→ Records for the exercise
────────
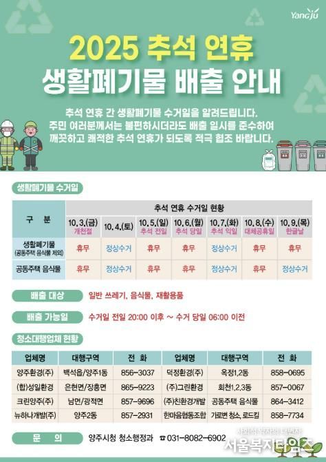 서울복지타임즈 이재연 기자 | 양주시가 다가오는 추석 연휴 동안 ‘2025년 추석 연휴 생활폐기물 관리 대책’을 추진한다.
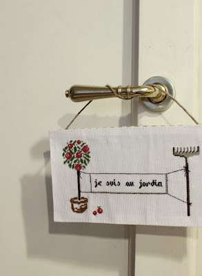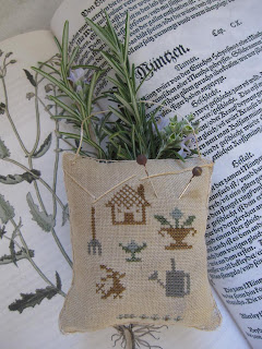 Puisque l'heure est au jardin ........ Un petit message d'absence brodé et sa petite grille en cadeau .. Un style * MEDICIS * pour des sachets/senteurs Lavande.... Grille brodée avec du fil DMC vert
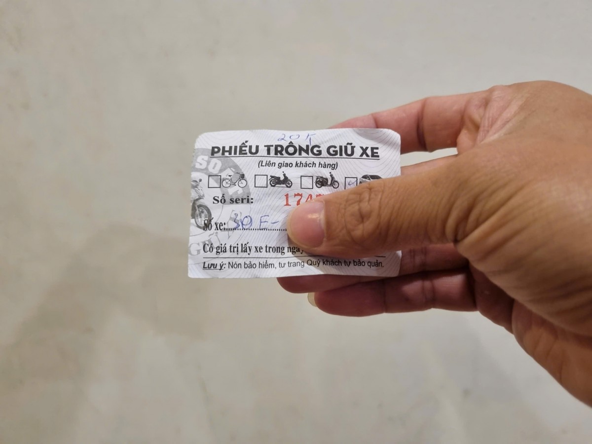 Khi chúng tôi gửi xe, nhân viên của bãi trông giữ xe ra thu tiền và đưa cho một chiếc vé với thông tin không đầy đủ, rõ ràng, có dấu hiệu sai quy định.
────────
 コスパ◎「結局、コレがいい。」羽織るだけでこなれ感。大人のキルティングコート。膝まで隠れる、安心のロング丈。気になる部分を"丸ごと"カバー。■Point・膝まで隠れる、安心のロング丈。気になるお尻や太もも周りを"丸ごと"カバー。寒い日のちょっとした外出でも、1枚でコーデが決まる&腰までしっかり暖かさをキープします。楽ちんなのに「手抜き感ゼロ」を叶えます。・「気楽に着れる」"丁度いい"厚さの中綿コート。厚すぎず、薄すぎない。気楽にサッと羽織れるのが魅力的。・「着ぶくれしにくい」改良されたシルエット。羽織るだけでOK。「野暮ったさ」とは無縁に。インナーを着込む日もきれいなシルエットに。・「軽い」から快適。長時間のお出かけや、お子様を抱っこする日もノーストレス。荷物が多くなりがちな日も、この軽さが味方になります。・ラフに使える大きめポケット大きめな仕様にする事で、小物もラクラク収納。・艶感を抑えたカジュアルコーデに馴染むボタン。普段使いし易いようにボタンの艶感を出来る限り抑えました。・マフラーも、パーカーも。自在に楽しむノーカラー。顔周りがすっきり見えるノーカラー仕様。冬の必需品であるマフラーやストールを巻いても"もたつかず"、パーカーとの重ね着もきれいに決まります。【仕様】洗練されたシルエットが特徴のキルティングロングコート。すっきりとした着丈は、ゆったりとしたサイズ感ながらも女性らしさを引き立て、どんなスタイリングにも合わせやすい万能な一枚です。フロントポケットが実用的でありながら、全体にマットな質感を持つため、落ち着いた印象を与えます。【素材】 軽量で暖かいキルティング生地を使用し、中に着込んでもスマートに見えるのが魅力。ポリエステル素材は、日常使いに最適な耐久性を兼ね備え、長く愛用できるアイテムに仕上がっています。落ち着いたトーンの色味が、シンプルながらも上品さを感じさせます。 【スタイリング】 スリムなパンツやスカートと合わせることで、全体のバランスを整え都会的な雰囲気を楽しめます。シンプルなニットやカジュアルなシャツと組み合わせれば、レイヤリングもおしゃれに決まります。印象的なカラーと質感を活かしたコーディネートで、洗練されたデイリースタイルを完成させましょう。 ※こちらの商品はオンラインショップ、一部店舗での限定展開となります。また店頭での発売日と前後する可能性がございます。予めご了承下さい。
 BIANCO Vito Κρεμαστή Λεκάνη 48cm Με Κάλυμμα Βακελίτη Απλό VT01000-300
────────
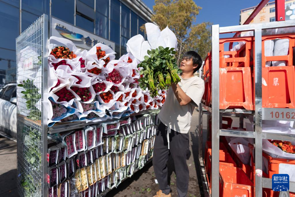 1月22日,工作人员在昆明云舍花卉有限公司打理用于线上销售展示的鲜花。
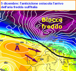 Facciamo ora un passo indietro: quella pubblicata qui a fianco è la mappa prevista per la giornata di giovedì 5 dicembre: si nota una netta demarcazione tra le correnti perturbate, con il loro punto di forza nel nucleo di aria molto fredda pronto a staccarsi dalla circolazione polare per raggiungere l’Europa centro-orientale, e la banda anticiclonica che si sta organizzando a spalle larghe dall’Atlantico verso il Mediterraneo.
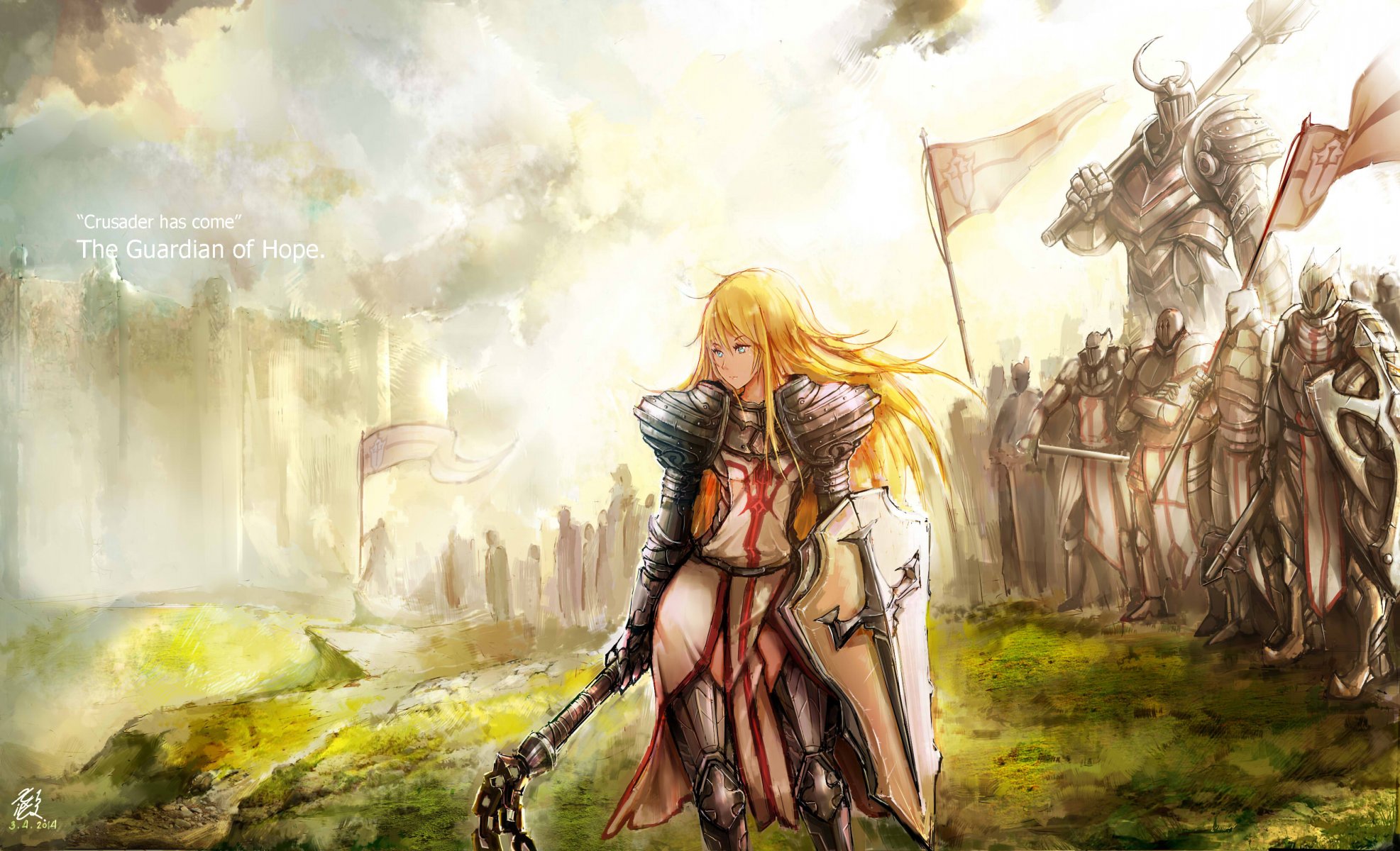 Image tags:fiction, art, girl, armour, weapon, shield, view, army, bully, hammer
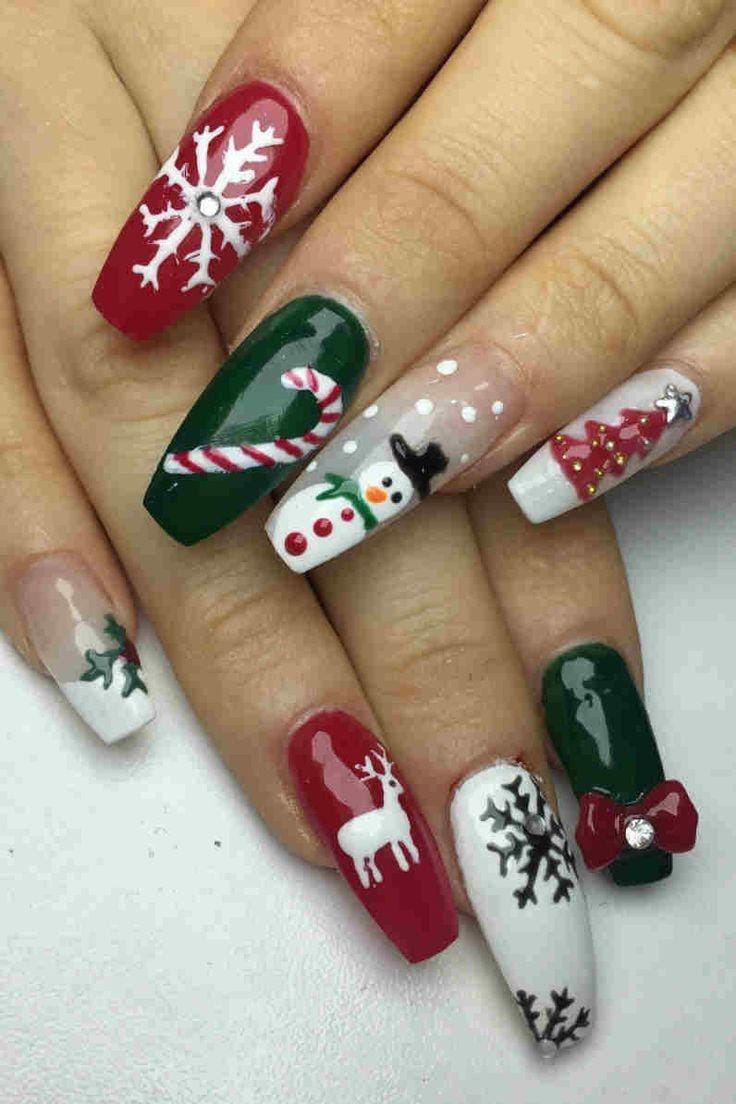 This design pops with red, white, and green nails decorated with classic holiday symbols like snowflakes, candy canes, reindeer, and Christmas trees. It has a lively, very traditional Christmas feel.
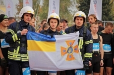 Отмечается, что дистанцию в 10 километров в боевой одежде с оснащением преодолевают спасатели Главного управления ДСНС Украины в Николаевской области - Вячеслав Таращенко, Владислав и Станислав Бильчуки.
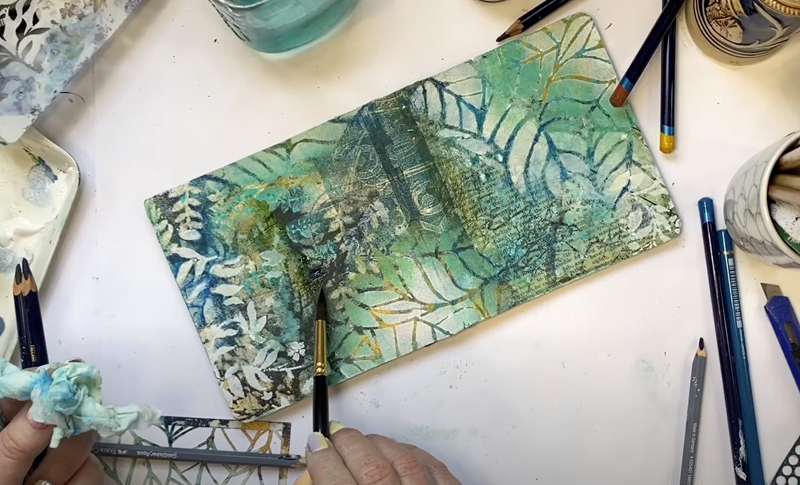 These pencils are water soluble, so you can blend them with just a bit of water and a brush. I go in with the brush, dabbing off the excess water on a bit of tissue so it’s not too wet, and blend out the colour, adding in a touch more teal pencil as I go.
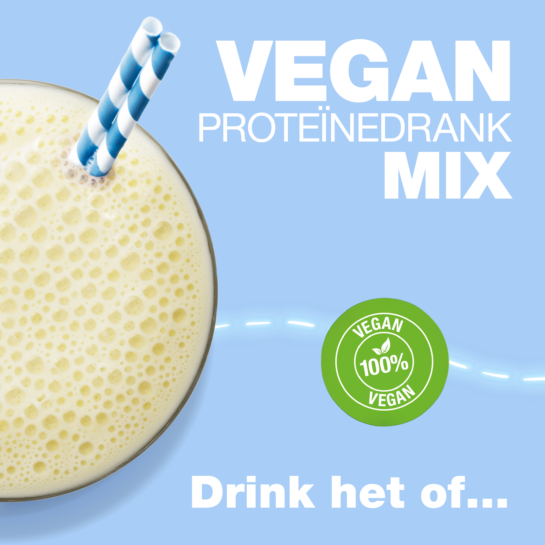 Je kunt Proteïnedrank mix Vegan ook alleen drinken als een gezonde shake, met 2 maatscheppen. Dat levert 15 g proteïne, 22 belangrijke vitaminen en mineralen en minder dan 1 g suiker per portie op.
────────
→ Directions
Leave the pictures out. Output, exactly, the lines of the material above starting at the line containing "1月22日,工作人员在昆明云舍花卉有限公司打理用于线上销售展示的鲜花。" and ending at the line containing "Je kunt Proteïnedrank".

→ Task output
 1月22日,工作人员在昆明云舍花卉有限公司打理用于线上销售展示的鲜花。
 Facciamo ora un passo indietro: quella pubblicata qui a fianco è la mappa prevista per la giornata di giovedì 5 dicembre: si nota una netta demarcazione tra le correnti perturbate, con il loro punto di forza nel nucleo di aria molto fredda pronto a staccarsi dalla circolazione polare per raggiungere l’Europa centro-orientale, e la banda anticiclonica che si sta organizzando a spalle larghe dall’Atlantico verso il Mediterraneo.
 Image tags:fiction, art, girl, armour, weapon, shield, view, army, bully, hammer
 This design pops with red, white, and green nails decorated with classic holiday symbols like snowflakes, candy canes, reindeer, and Christmas trees. It has a lively, very traditional Christmas feel.
 Отмечается, что дистанцию в 10 километров в боевой одежде с оснащением преодолевают спасатели Главного управления ДСНС Украины в Николаевской области - Вячеслав Таращенко, Владислав и Станислав Бильчуки.
 These pencils are water soluble, so you can blend them with just a bit of water and a brush. I go in with the brush, dabbing off the excess water on a bit of tissue so it’s not too wet, and blend out the colour, adding in a touch more teal pencil as I go.
 Je kunt Proteïnedrank mix Vegan ook alleen drinken als een gezonde shake, met 2 maatscheppen. Dat levert 15 g proteïne, 22 belangrijke vitaminen en mineralen en minder dan 1 g suiker per portie op.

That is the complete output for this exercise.